According to Ajit Jain, Vice Chair of Insurance Operations at Berkshire Hathaway, GEICO’s employee count has been slashed from approximately 50,000 to around 20,000. While specific dates for the reductions weren’t provided, the significant cutbacks come after years of the company underperforming relative to its competitors.
Recent financial results, however, indicate that GEICO is showing signs of recovery. In the first quarter of 2025, the company reported $2.2 billion in pretax underwriting earnings, representing a 13% increase from the same period in 2024. This improvement is backed by Bloomberg’s report, which highlights GEICO’s rebounding customer growth following a period of market share loss.
The successful restructuring efforts, led by GEICO CEO Todd Combs, have focused on implementing stringent cost controls and modernizing operations.
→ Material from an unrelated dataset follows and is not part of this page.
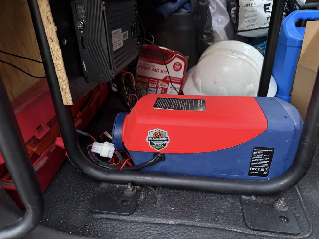 We selected a 12V 5kW diesel air heater designed to deliver strong and stable heating while remaining energy-efficient. During start-up, the heater draws 9-13A, then switches to a low 2-4A working consumption. The heater is paired with a dedicated fuel tank, allowing reliable autonomous operation on diesel.

Jain credited Combs with steering these changes, though he cautioned against complacency, stating, “I do not want to be so arrogant to say ‘mission accomplished.'” Jain emphasized the need for GEICO to prioritize artificial intelligence to maintain competitiveness in the rapidly evolving insurance landscape.
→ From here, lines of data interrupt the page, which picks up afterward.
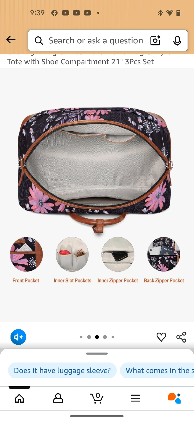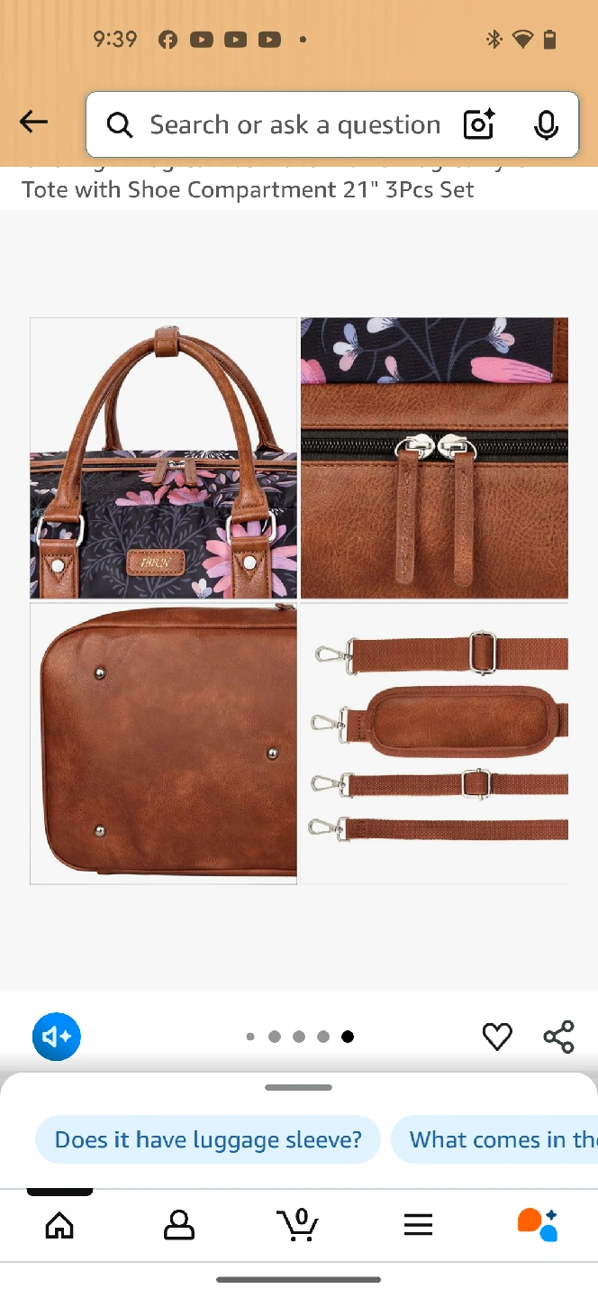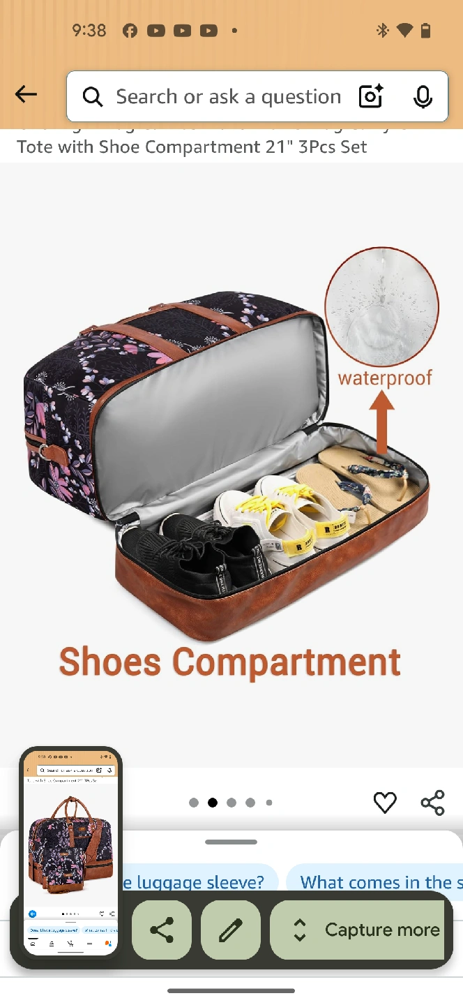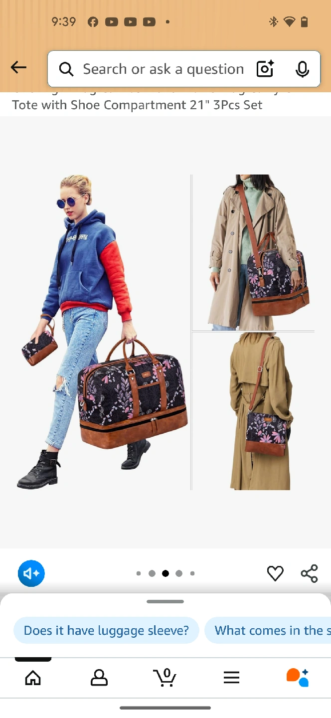 This Bopai 3-piece set is perfect for travel! The tote bag features a shoe compartment and is waterproof. The set includes a tote, a smaller bag, and a wristlet. The tote measures approximately 21 inches long, 13 inches high, and 9.5 inches wide. The adjustable strap ranges from 25 to 47 inches. Great for weekend getaways or as a carry-on!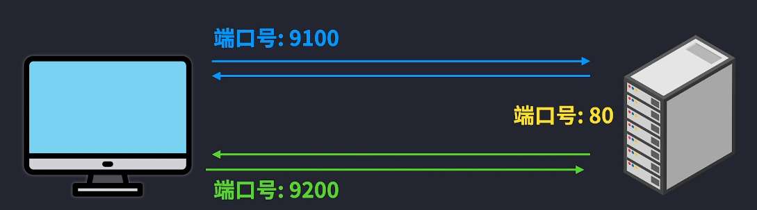 虽然有MAC地址和IP地址可以抵达对方主机,但是对方主机可能运行着无数多个软件进程,此时就需要用到端口号来做为地址来定位了。如客户端这里生成不同的端口号,即使同时访问HTTP端口号80也是没有问题的,因为此时可以根据不同的源端口号来做出响应就可以了,所以传输层(运输层)在网络层的端到端基础上实现了服务进程到服务进程的传输。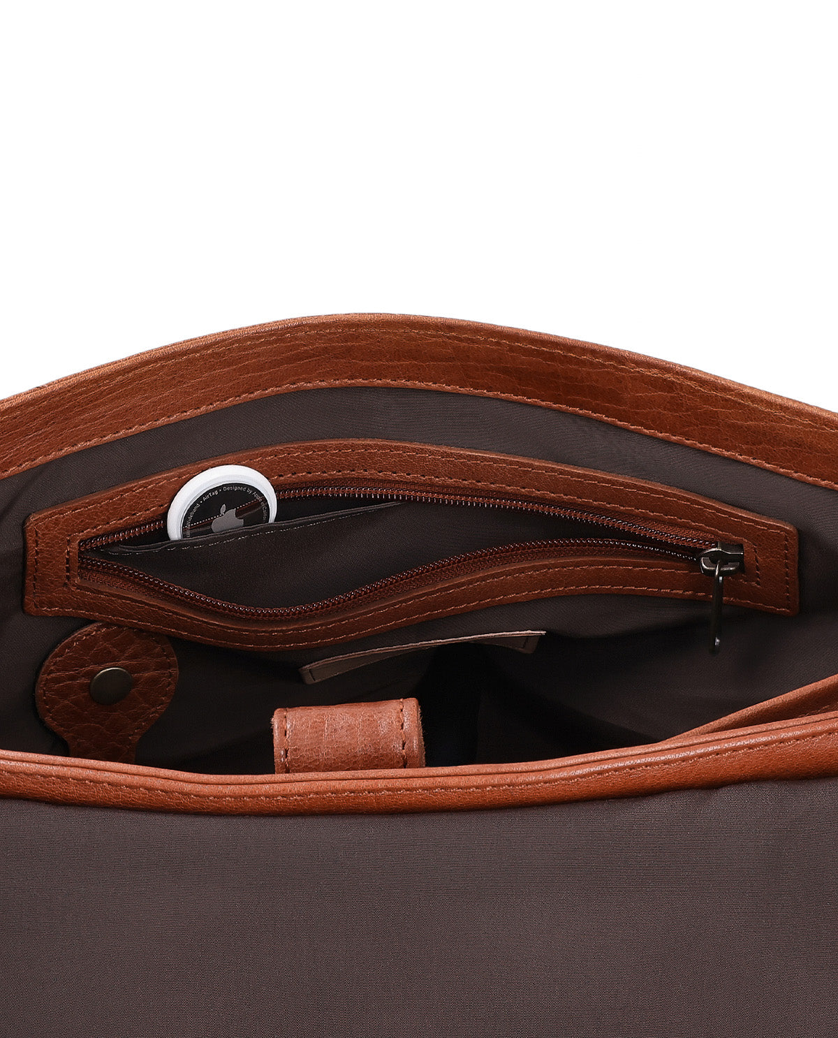 The Florin briefcase is a well-designed leather business bag for men and women who want flexibility in their everyday lives. An integrated AirTag compartment provides additional security, while an additional strap has been specially designed to keep the bag securely in place when cycling. This means that Florin stays reliably in place even when you're on the move. A practical key holder helps you keep your most important essentials within easy reach, complemented by a secret zippered compartment on the side for items you want to store discreetly. This leather laptop bag combines mobility, security, and clear structure.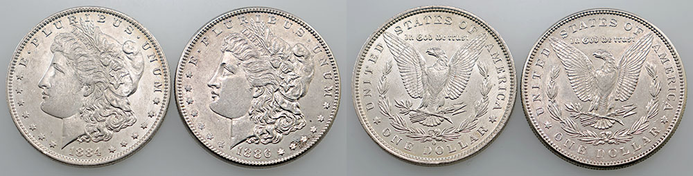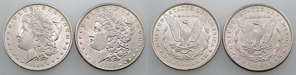 United States silver Morgan Dollar 1884 O, 1886. (2 coins total).

GEICO’s transformation is part of a larger industry trend toward automation and AI adoption. Numerous insurance firms have introduced new digital underwriting platforms and claims processing systems in recent months to reduce costs and enhance accuracy.
The workforce reduction follows earlier cutbacks in 2023 when GEICO laid off about 2,000 employees, or roughly 6% of its workforce. By mid-2024, the company’s employee count had dwindled further to 28,247, marking a 33% reduction from its 2020 peak. These cuts align with similar actions taken by other major insurers, including Farmers Insurance, State Farm, and Allstate, which scaled back operations in various states due to concerns over natural disasters, inflation, and rising property repair costs.
Contrasting with the layoffs, GEICO has also been pursuing expansion efforts. In March 2025, the company announced plans to open a second office in Richardson, Texas, creating over 1,000 new jobs. This move is designed to enhance the company’s sales, service, and claims operations in the region, demonstrating a balanced approach to restructuring and growth.
As the insurance industry continues to evolve, GEICO’s dual strategy of workforce optimization and targeted expansion positions the company for potential long-term success while navigating the challenges of technological disruption and market competition.